We propose a mechanism of DNA single strand breaks induced by low-energy electrons. Density functional theory calculations have been performed on a neutral, hydrogenated, and/or negatively charged nucleotide of cytosine in the gas phase to identify barriers for the phosphate-sugar O–C bond cleavage. Attachment of the first excess electron induces intermolecular proton transfer to cytosine. The resulting neutral radical of hydrogenated cytosine binds another excess electron, and the excess charge is localized primarily on the C6 atom. A barrier encountered for proton transfer from the C2’ atom of the adjacent sugar unit to the C6 atom of cytosine is 3.6 and 5.0 kcal/mol, based on the MPW1K and B3LYP electronic energies corrected for zero-point vibrations, respectively.
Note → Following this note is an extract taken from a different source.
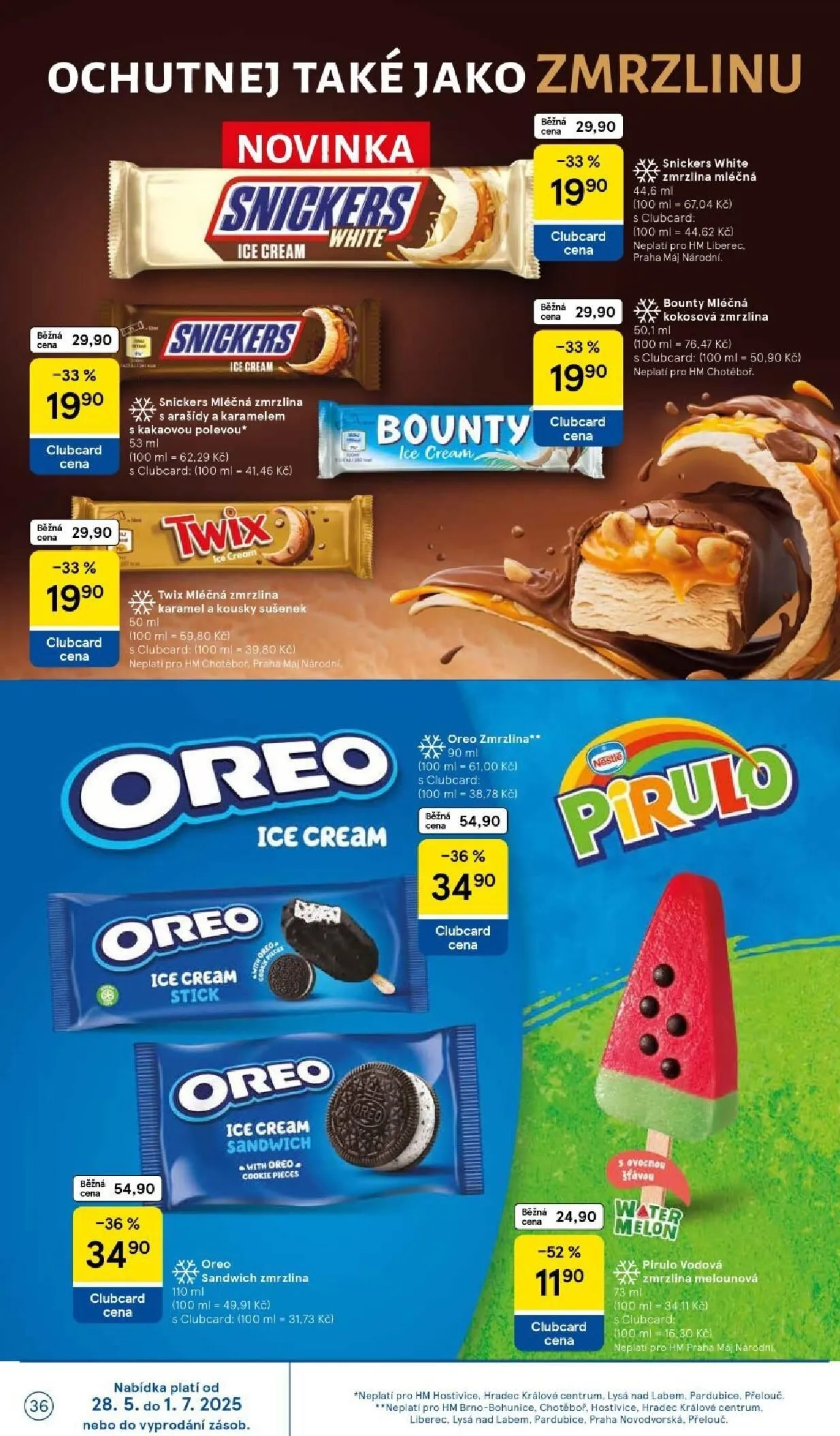 V letáku obchodu Tesco najdete skvělou nabídku zmrzlin, které si můžete vychutnat v horkých letních dnech. Mezi novinkami se objevují mléčné zmrzliny Snickers, Bounty a Twix, všechny za cenu 29,90 Kč s 33% slevou. Pro milovníky Oreo je k dispozici zmrzlina s touto oblíbenou příchutí za 54,90 Kč. Nezapomeňte také na Snickers White a kokosovou zmrzlinu Bounty, které jsou nyní za výhodné ceny. Nabídka platí do 1. července 2025 nebo do vyprodání zásob. Využijte Clubcard a získejte ještě lepší ceny!

The proton transfer is followed by a barrier-free sugar-phosphate C–O bond cleavage. The proton transfer is impossible for the neutral nucleotide, as there is no local minimum for the product. In the case of anionic and hydrogenated nucleotides the same barrier determined at the B3LYP level is as large as 29.3 and 22.4 kcal/mol respectively. This illustrates that the consecutive hydrogenation and electron attachment make the nucleotide of cytosine susceptible to a strand break. The rate of the C–O bond cleavage in the anion of hydrogenated nucleotide of cytosine is estimated to be ca. 1010  s-1. The proposed mechanism proceeds through bound anionic states, not through metastable states with finite lifetimes and discrete energy positions with respect to the neutral target. The results suggest that at least for DNA without hydration even very low-energy electrons may cleave the DNA backbone.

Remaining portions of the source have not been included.